Data excerpts:

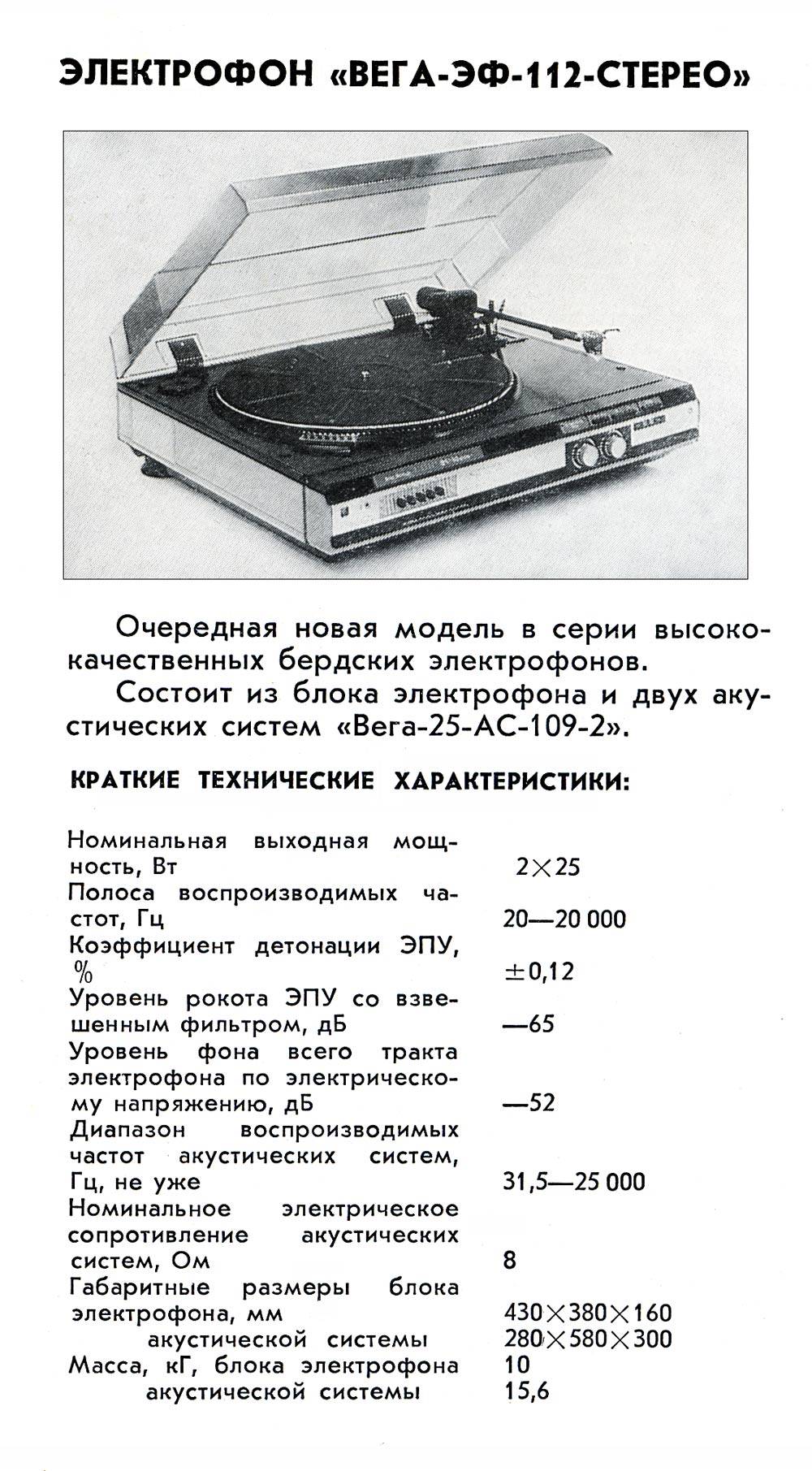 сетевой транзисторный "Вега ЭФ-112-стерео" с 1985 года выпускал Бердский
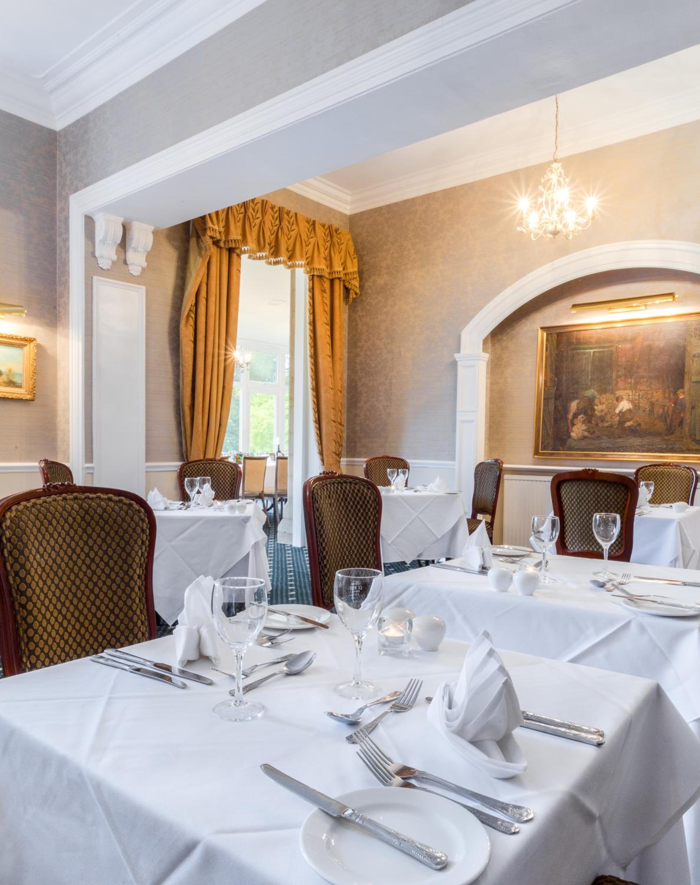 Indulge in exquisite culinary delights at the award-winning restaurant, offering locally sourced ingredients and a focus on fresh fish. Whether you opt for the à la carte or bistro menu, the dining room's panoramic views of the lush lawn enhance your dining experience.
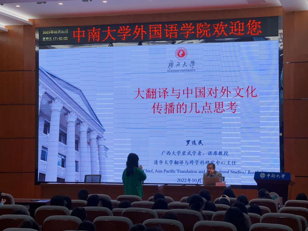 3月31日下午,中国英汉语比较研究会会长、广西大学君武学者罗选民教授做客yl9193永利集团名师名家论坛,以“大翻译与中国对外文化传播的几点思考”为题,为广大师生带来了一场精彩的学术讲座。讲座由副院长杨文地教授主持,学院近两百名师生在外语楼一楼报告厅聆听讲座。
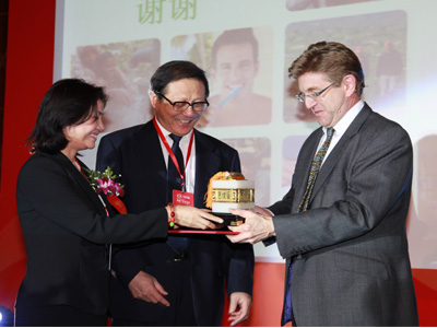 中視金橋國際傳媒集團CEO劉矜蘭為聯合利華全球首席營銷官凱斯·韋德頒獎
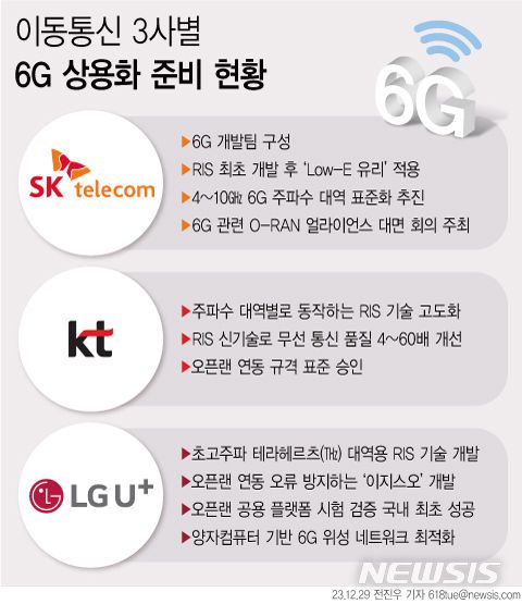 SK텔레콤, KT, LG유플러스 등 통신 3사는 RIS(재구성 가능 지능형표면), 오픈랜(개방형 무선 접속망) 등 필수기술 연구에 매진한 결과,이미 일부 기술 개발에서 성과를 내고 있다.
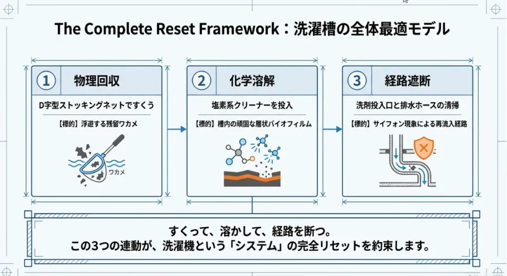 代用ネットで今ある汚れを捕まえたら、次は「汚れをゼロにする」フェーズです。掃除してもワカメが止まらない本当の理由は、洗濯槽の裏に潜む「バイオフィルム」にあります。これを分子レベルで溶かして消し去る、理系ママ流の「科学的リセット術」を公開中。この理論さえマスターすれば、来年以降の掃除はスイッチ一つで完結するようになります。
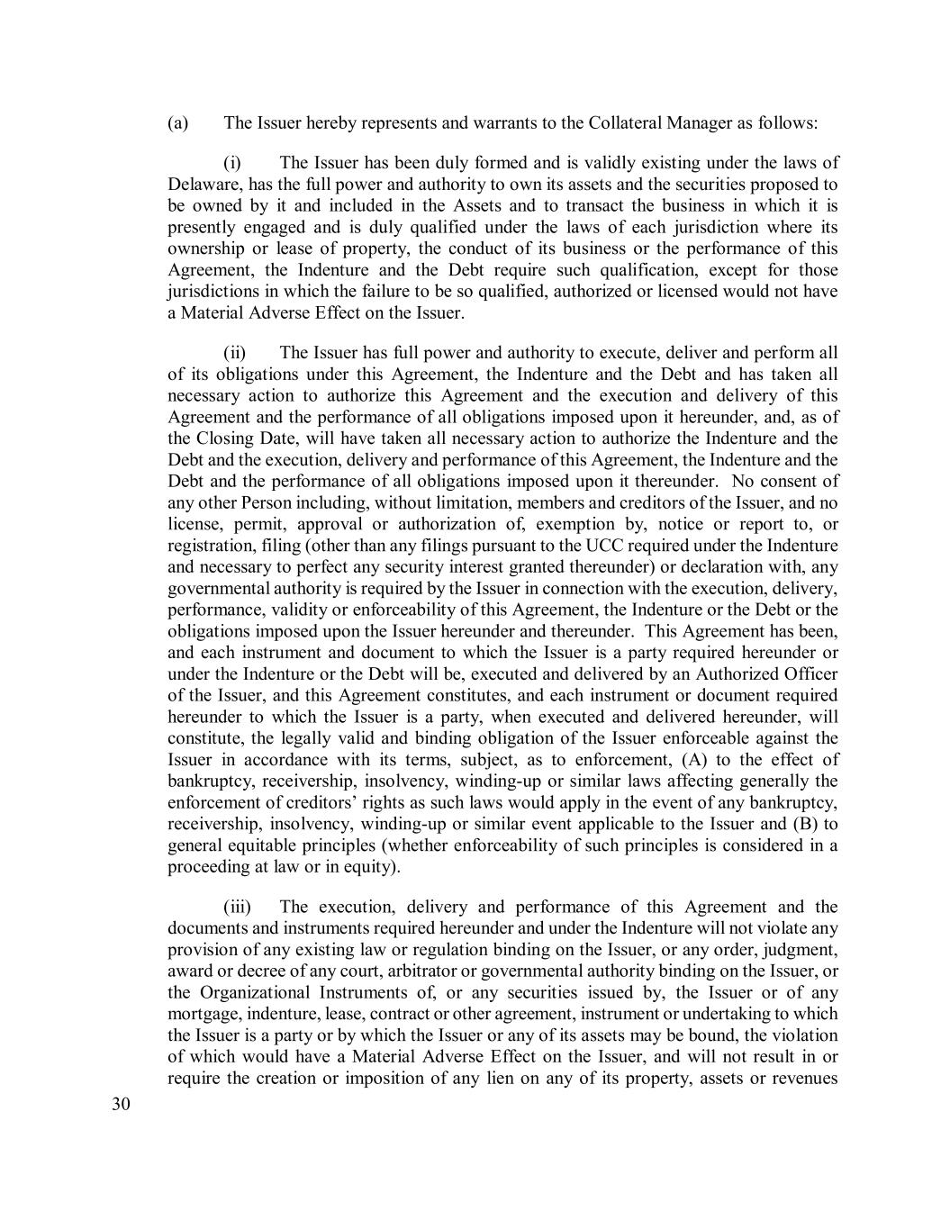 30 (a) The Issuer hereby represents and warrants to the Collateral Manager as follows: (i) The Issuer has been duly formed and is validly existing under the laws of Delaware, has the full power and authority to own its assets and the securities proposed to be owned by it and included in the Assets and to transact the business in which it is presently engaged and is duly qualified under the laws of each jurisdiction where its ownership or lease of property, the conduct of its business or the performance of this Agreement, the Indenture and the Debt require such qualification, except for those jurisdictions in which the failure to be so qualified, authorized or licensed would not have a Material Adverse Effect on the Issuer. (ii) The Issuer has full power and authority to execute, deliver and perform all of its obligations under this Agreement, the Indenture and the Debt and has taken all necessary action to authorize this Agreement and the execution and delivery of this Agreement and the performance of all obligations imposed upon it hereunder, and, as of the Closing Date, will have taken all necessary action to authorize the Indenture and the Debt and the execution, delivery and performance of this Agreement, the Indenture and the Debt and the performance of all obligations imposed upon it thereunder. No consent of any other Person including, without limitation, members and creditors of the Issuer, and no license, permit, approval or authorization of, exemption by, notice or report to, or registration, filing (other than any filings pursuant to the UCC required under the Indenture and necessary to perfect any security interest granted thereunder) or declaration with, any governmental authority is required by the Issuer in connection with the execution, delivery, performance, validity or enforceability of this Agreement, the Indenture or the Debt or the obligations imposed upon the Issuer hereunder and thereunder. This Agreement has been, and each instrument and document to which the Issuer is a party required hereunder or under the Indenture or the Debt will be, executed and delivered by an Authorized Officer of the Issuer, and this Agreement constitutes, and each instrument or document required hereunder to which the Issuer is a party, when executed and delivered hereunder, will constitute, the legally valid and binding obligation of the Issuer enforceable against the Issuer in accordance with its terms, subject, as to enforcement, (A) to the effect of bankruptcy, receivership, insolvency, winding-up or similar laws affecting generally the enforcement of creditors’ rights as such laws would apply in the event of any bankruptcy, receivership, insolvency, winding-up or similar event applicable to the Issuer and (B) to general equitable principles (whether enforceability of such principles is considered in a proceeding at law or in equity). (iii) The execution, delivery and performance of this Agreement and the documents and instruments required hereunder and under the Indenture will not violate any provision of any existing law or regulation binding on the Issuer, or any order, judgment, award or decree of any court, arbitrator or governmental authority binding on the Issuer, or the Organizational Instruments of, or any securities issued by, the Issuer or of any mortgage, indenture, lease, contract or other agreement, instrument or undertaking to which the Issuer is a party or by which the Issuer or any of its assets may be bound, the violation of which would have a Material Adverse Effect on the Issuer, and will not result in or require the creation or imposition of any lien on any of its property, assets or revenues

Work request >> What's needed is an exact copy of the records above from the line containing "3月31日下午,中国英汉语比" down to the line containing "代用ネットで今ある汚れを捕ま", both included, without any pictures.

Task response >>
 3月31日下午,中国英汉语比较研究会会长、广西大学君武学者罗选民教授做客yl9193永利集团名师名家论坛,以“大翻译与中国对外文化传播的几点思考”为题,为广大师生带来了一场精彩的学术讲座。讲座由副院长杨文地教授主持,学院近两百名师生在外语楼一楼报告厅聆听讲座。
 中視金橋國際傳媒集團CEO劉矜蘭為聯合利華全球首席營銷官凱斯·韋德頒獎
 SK텔레콤, KT, LG유플러스 등 통신 3사는 RIS(재구성 가능 지능형표면), 오픈랜(개방형 무선 접속망) 등 필수기술 연구에 매진한 결과,이미 일부 기술 개발에서 성과를 내고 있다.
 代用ネットで今ある汚れを捕まえたら、次は「汚れをゼロにする」フェーズです。掃除してもワカメが止まらない本当の理由は、洗濯槽の裏に潜む「バイオフィルム」にあります。これを分子レベルで溶かして消し去る、理系ママ流の「科学的リセット術」を公開中。この理論さえマスターすれば、来年以降の掃除はスイッチ一つで完結するようになります。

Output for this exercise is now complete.